If you want to take Mr. Graziano's advice, you'll go and get yourself a physical fit

On the theory that "everybody should have theirself a physical fit," the engaging Rocky Graziano, actor and former middleweight champion, has lent his special kind of eloquence, with the help of Rowland Barber, to the production of a book called The Rocky Road to Physical Fitness (G-R-Z Publishers, soft cover, $2.95).

This is an article from the July 15, 1968 issue

After he entered show business 15 years ago, confides Rocky, he more or less went to pot, a fact that shows prominently in profile views of his "before" condition. Even the "after" picture at the end of the book does not establish that he has once again become a ripple-bellied killer, but it does show improvement of an encouraging sort.

In between these takes the reader sees Rocky engaged in such health-giving exercises as The Guru Goombah, The Zero Yard Dash, The Yardbird Flap and The Stoplight Rubbernecker.

For all that it is gimmicked with such esoteric fancies, Rocky's book does offer a serious program of exercises to develop the body's muscular system and, more importantly, to contribute to the health of the heart and the lungs. Graziano and his collaborator do not suggest that the job will be all that easy or that it takes no willpower, or that 10 minutes of effortless activity per day will make you look like an early Charles Atlas ad.
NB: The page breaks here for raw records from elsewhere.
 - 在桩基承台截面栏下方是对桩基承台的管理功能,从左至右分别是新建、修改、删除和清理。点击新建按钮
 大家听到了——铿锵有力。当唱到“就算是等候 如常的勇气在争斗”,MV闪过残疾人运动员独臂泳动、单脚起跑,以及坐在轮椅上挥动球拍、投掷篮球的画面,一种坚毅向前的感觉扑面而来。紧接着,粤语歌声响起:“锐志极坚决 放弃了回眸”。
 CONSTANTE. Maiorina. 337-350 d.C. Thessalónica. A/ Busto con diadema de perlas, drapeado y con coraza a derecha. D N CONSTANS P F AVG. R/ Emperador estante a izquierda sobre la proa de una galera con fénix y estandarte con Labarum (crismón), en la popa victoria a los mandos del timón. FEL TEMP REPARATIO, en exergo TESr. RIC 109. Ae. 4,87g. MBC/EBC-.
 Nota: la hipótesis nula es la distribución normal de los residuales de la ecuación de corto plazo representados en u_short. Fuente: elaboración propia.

Rather, they insist, the course is relatively rigorous.

It begins in the morning with 20 minutes of such calisthenics as The Stationhouse Frisk and continues on to 10 or 15 preluncheon minutes of The Chairman-of-the-Board Push-out. The regimen forbids flaking out with two or three dry martinis before dinner but, in their stead, commands 15 to 30 minutes of The Rocky-and-Roll, The Knee Grabber and The Grand and Glorious Cast of Thousands Rope-skip Jubilee. And that doesn't end it. Before you go to bed you should have a go at The Torso Unscrewer, The Isometric Scrunchup and The Gut-rock Flutter. For that matter, there is no rest on weekends, either, for then The Take-out-the-dog Trot is advised.
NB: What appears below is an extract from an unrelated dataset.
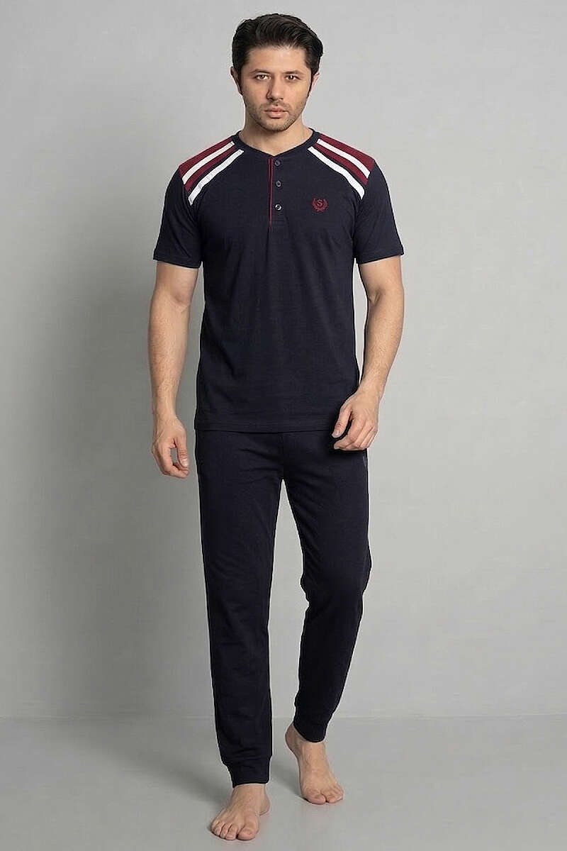 Garnili Düğmeli Kısa Kol Erkek Pijama Takımı Lacivert Bordo

None of the exercises are really new, but they make an interesting combination of what Rocky "rememberized from what my old trainer, Whitey Bimstein, learned me" from yoga, and a number of conventional exercises, none of them exhausting or too difficult if approached with caution at the beginning of the routine. In 30 days you could wind up looking like Rocky Graziano. And even if you don't, you'll have, along with your still ample profile, a happy memory of some diverting reading.